## [DATA LISTING]
# # # #

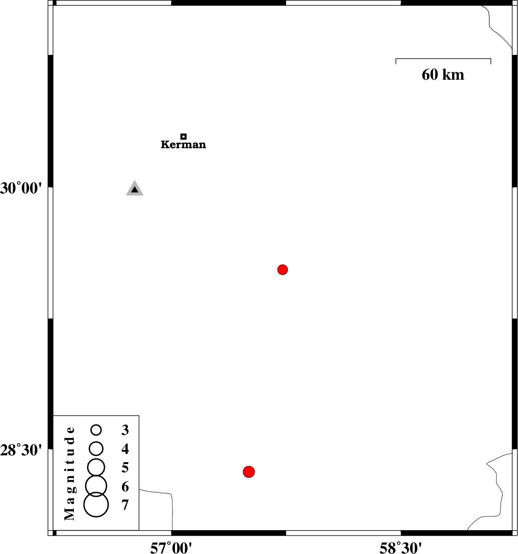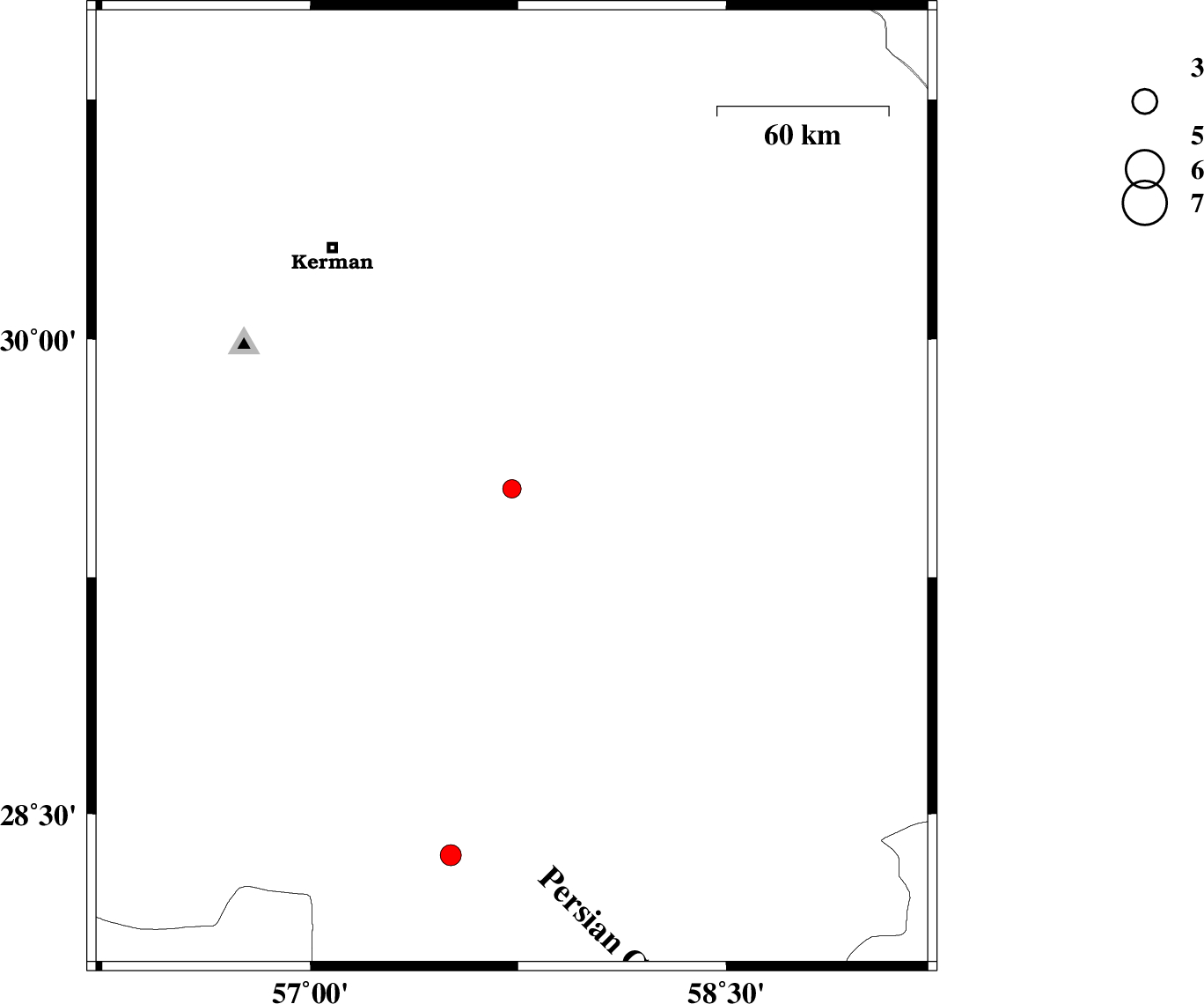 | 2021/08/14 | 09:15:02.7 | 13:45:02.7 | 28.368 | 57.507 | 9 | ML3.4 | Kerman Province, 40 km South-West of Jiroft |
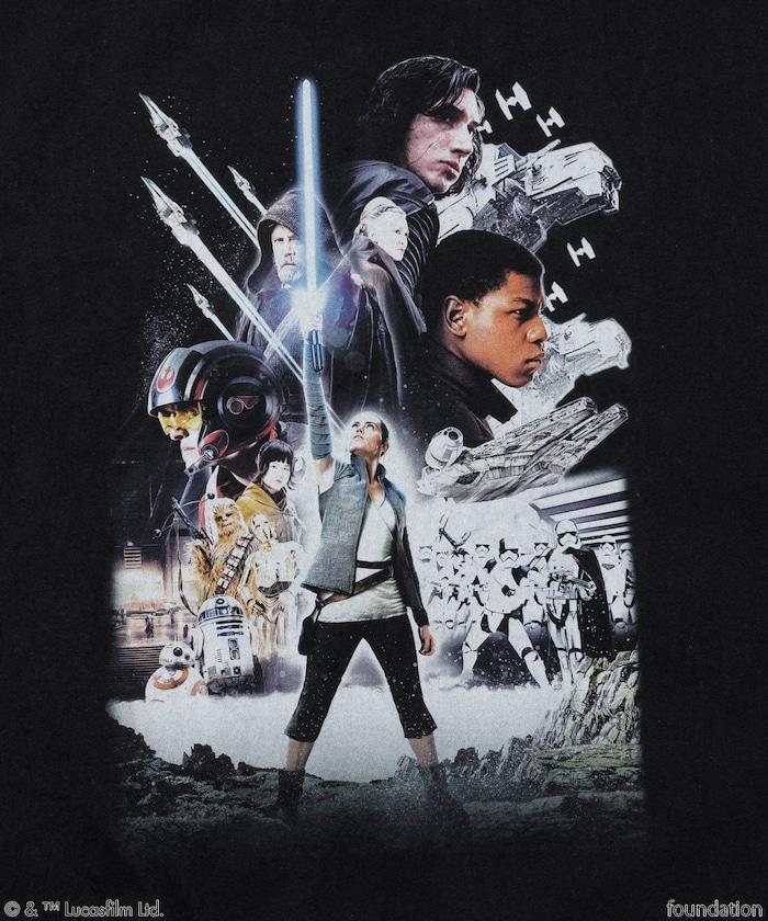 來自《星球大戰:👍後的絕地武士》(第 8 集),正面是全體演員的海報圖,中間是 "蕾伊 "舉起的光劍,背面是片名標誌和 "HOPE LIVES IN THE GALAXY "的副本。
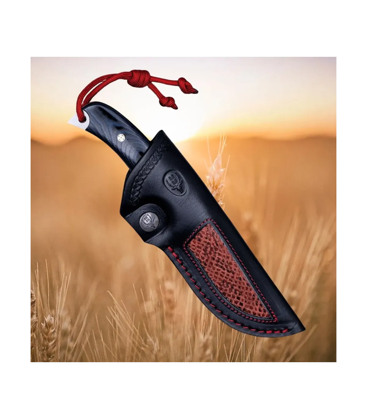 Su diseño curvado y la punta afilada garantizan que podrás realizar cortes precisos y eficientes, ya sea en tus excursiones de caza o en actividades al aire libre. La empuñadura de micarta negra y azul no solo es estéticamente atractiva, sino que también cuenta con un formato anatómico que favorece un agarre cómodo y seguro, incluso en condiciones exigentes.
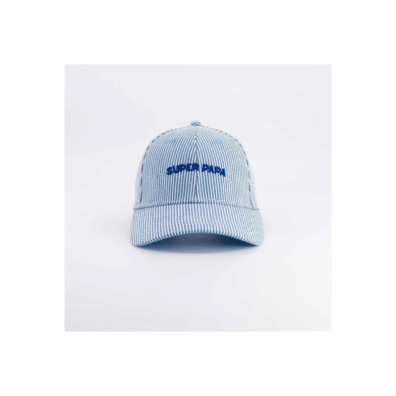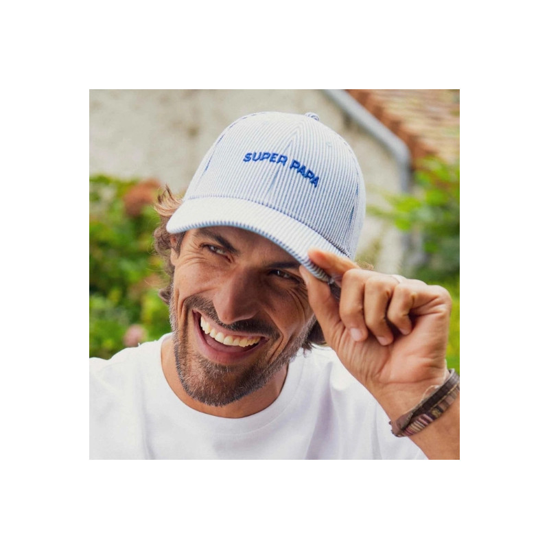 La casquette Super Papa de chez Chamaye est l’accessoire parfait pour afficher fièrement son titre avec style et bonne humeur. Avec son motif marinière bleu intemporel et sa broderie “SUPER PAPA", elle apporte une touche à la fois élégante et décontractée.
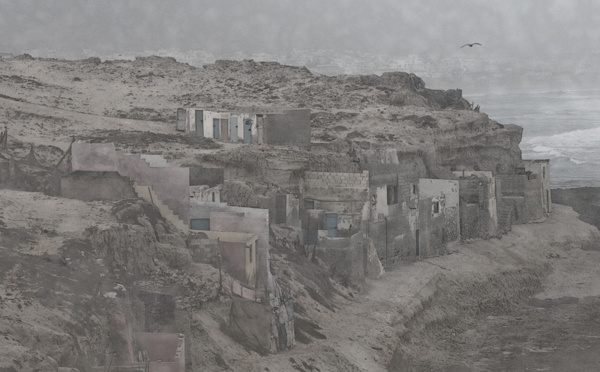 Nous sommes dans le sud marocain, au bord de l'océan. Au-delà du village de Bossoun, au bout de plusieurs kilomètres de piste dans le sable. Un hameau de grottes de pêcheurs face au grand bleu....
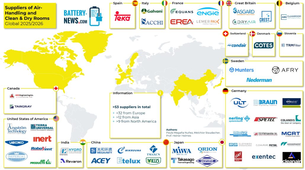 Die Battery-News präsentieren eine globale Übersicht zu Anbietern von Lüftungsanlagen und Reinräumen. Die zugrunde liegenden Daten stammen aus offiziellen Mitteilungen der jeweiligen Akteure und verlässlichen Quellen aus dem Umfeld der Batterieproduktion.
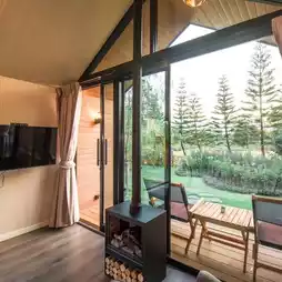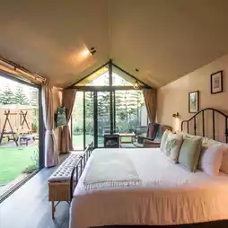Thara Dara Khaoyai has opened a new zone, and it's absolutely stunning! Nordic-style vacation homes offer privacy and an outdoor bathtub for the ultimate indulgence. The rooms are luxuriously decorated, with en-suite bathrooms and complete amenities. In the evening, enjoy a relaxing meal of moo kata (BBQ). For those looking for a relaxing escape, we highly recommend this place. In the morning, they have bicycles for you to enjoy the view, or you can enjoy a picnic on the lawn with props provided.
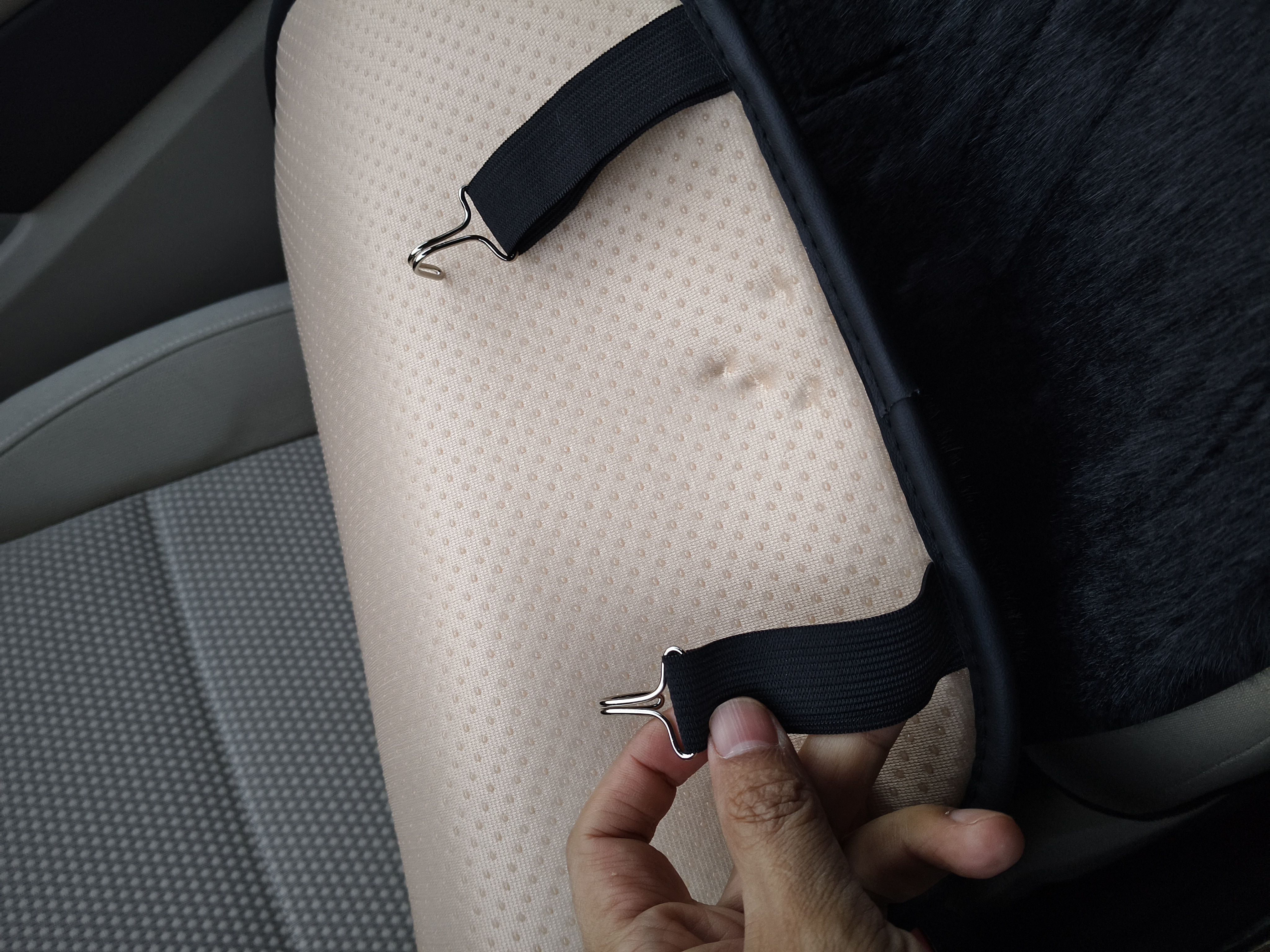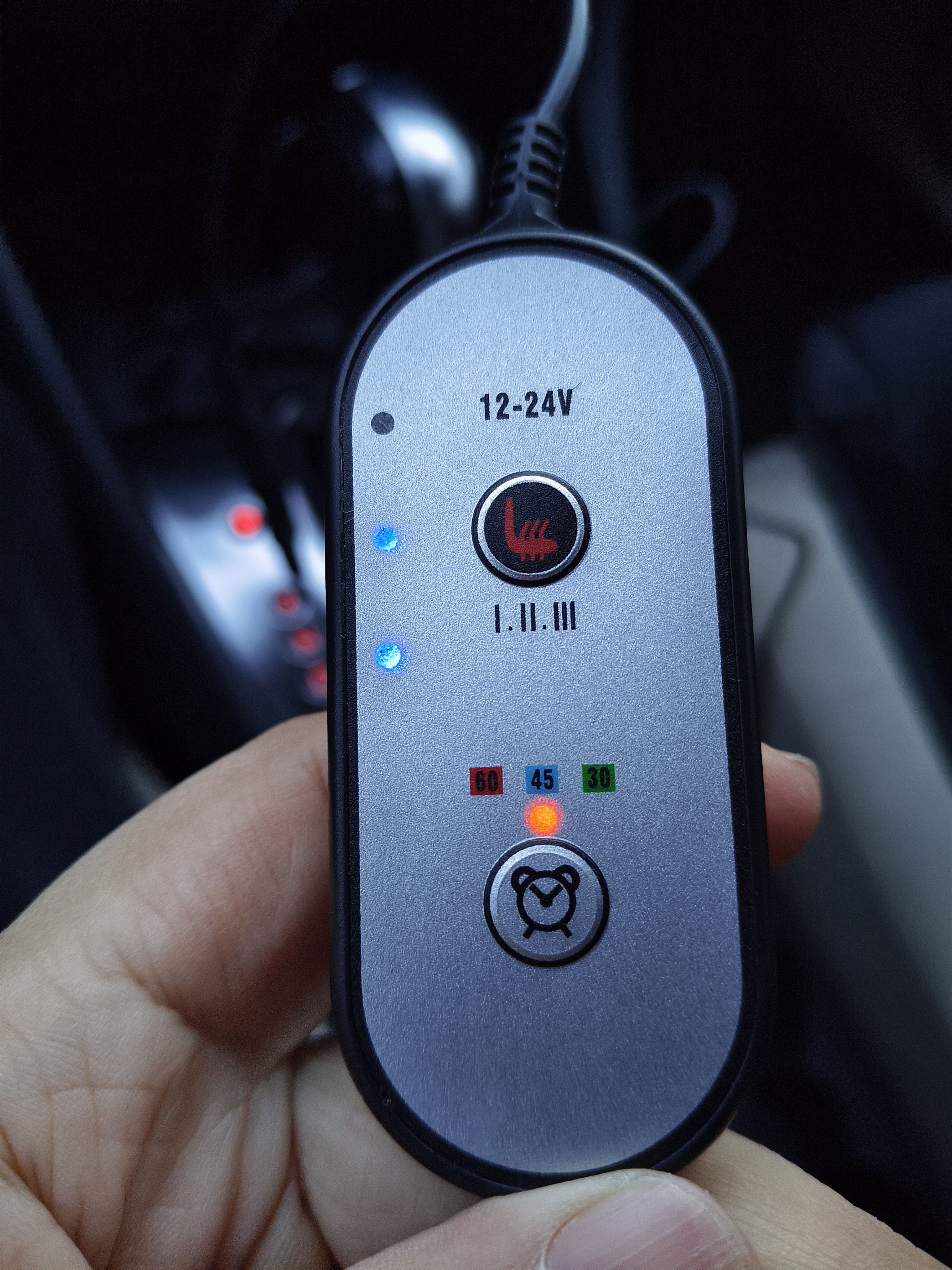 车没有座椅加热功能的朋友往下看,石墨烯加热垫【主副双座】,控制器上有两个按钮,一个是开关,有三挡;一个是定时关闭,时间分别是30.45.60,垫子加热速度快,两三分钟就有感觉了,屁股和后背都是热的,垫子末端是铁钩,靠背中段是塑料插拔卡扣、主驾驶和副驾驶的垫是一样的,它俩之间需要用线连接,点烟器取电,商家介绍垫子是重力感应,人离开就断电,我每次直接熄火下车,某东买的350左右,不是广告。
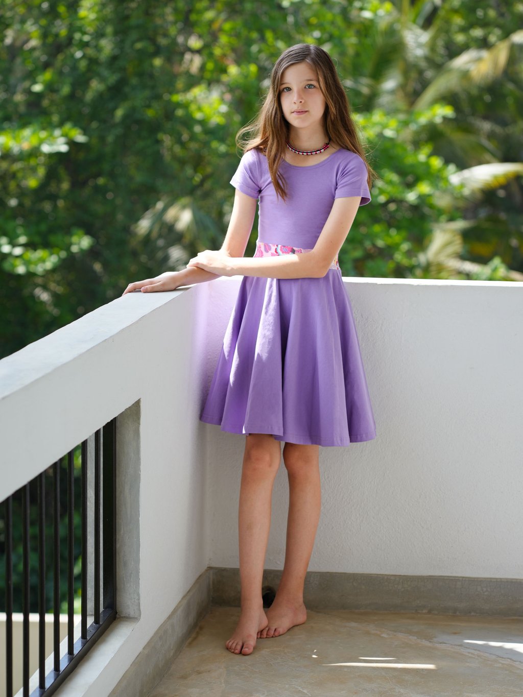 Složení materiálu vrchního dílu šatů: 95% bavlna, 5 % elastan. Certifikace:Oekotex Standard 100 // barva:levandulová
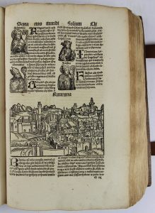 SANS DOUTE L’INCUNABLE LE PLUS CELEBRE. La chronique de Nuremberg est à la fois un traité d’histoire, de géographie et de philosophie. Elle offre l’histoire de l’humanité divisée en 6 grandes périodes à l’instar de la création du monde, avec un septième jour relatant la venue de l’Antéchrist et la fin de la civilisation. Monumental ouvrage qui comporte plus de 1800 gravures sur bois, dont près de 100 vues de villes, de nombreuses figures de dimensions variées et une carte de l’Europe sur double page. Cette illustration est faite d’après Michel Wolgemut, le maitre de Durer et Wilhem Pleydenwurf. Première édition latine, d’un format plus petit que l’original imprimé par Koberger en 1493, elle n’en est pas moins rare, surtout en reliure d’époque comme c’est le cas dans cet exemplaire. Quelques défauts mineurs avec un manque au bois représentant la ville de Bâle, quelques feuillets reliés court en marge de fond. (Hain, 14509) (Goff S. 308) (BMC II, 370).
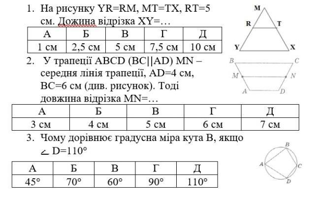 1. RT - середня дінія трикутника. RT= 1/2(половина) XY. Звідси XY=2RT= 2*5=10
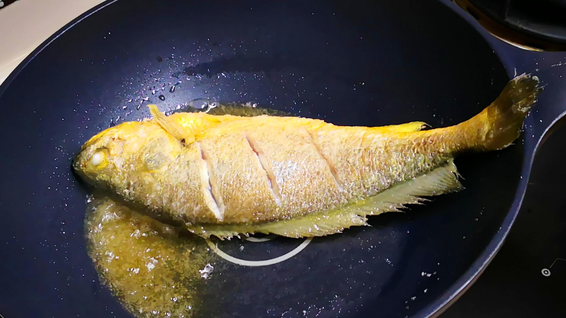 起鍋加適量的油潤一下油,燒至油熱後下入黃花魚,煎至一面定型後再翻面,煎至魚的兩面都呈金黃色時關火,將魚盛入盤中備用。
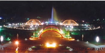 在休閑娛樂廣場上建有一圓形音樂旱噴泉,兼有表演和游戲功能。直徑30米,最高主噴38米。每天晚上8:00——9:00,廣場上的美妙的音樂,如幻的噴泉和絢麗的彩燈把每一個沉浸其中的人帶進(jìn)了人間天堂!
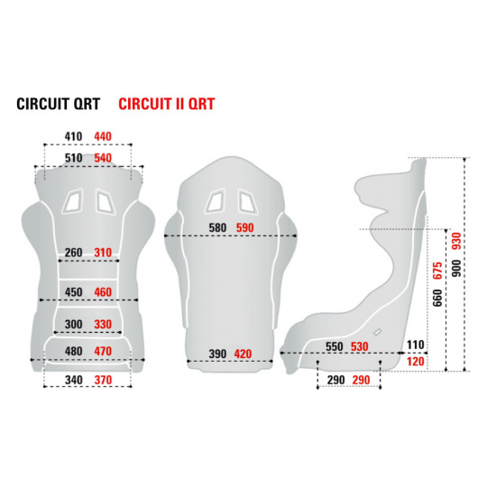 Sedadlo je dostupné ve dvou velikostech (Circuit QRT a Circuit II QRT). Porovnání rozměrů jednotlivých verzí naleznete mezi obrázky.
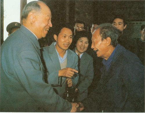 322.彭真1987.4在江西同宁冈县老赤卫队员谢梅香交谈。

# # # #

## [WORK TASK]
The records above need to be copied exactly, though not their pictures.

## [SOLUTION FOR THIS PROBLEM]
 | 2021/08/14 | 09:15:02.7 | 13:45:02.7 | 28.368 | 57.507 | 9 | ML3.4 | Kerman Province, 40 km South-West of Jiroft |
 來自《星球大戰:👍後的絕地武士》(第 8 集),正面是全體演員的海報圖,中間是 "蕾伊 "舉起的光劍,背面是片名標誌和 "HOPE LIVES IN THE GALAXY "的副本。
 Su diseño curvado y la punta afilada garantizan que podrás realizar cortes precisos y eficientes, ya sea en tus excursiones de caza o en actividades al aire libre. La empuñadura de micarta negra y azul no solo es estéticamente atractiva, sino que también cuenta con un formato anatómico que favorece un agarre cómodo y seguro, incluso en condiciones exigentes.
 La casquette Super Papa de chez Chamaye est l’accessoire parfait pour afficher fièrement son titre avec style et bonne humeur. Avec son motif marinière bleu intemporel et sa broderie “SUPER PAPA", elle apporte une touche à la fois élégante et décontractée.
 Nous sommes dans le sud marocain, au bord de l'océan. Au-delà du village de Bossoun, au bout de plusieurs kilomètres de piste dans le sable. Un hameau de grottes de pêcheurs face au grand bleu....
 Die Battery-News präsentieren eine globale Übersicht zu Anbietern von Lüftungsanlagen und Reinräumen. Die zugrunde liegenden Daten stammen aus offiziellen Mitteilungen der jeweiligen Akteure und verlässlichen Quellen aus dem Umfeld der Batterieproduktion.
Thara Dara Khaoyai has opened a new zone, and it's absolutely stunning! Nordic-style vacation homes offer privacy and an outdoor bathtub for the ultimate indulgence. The rooms are luxuriously decorated, with en-suite bathrooms and complete amenities. In the evening, enjoy a relaxing meal of moo kata (BBQ). For those looking for a relaxing escape, we highly recommend this place. In the morning, they have bicycles for you to enjoy the view, or you can enjoy a picnic on the lawn with props provided.
 车没有座椅加热功能的朋友往下看,石墨烯加热垫【主副双座】,控制器上有两个按钮,一个是开关,有三挡;一个是定时关闭,时间分别是30.45.60,垫子加热速度快,两三分钟就有感觉了,屁股和后背都是热的,垫子末端是铁钩,靠背中段是塑料插拔卡扣、主驾驶和副驾驶的垫是一样的,它俩之间需要用线连接,点烟器取电,商家介绍垫子是重力感应,人离开就断电,我每次直接熄火下车,某东买的350左右,不是广告。
 Složení materiálu vrchního dílu šatů: 95% bavlna, 5 % elastan. Certifikace:Oekotex Standard 100 // barva:levandulová
 SANS DOUTE L’INCUNABLE LE PLUS CELEBRE. La chronique de Nuremberg est à la fois un traité d’histoire, de géographie et de philosophie. Elle offre l’histoire de l’humanité divisée en 6 grandes périodes à l’instar de la création du monde, avec un septième jour relatant la venue de l’Antéchrist et la fin de la civilisation. Monumental ouvrage qui comporte plus de 1800 gravures sur bois, dont près de 100 vues de villes, de nombreuses figures de dimensions variées et une carte de l’Europe sur double page. Cette illustration est faite d’après Michel Wolgemut, le maitre de Durer et Wilhem Pleydenwurf. Première édition latine, d’un format plus petit que l’original imprimé par Koberger en 1493, elle n’en est pas moins rare, surtout en reliure d’époque comme c’est le cas dans cet exemplaire. Quelques défauts mineurs avec un manque au bois représentant la ville de Bâle, quelques feuillets reliés court en marge de fond. (Hain, 14509) (Goff S. 308) (BMC II, 370).
 1. RT - середня дінія трикутника. RT= 1/2(половина) XY. Звідси XY=2RT= 2*5=10
 起鍋加適量的油潤一下油,燒至油熱後下入黃花魚,煎至一面定型後再翻面,煎至魚的兩面都呈金黃色時關火,將魚盛入盤中備用。
 在休閑娛樂廣場上建有一圓形音樂旱噴泉,兼有表演和游戲功能。直徑30米,最高主噴38米。每天晚上8:00——9:00,廣場上的美妙的音樂,如幻的噴泉和絢麗的彩燈把每一個沉浸其中的人帶進(jìn)了人間天堂!
 Sedadlo je dostupné ve dvou velikostech (Circuit QRT a Circuit II QRT). Porovnání rozměrů jednotlivých verzí naleznete mezi obrázky.
 322.彭真1987.4在江西同宁冈县老赤卫队员谢梅香交谈。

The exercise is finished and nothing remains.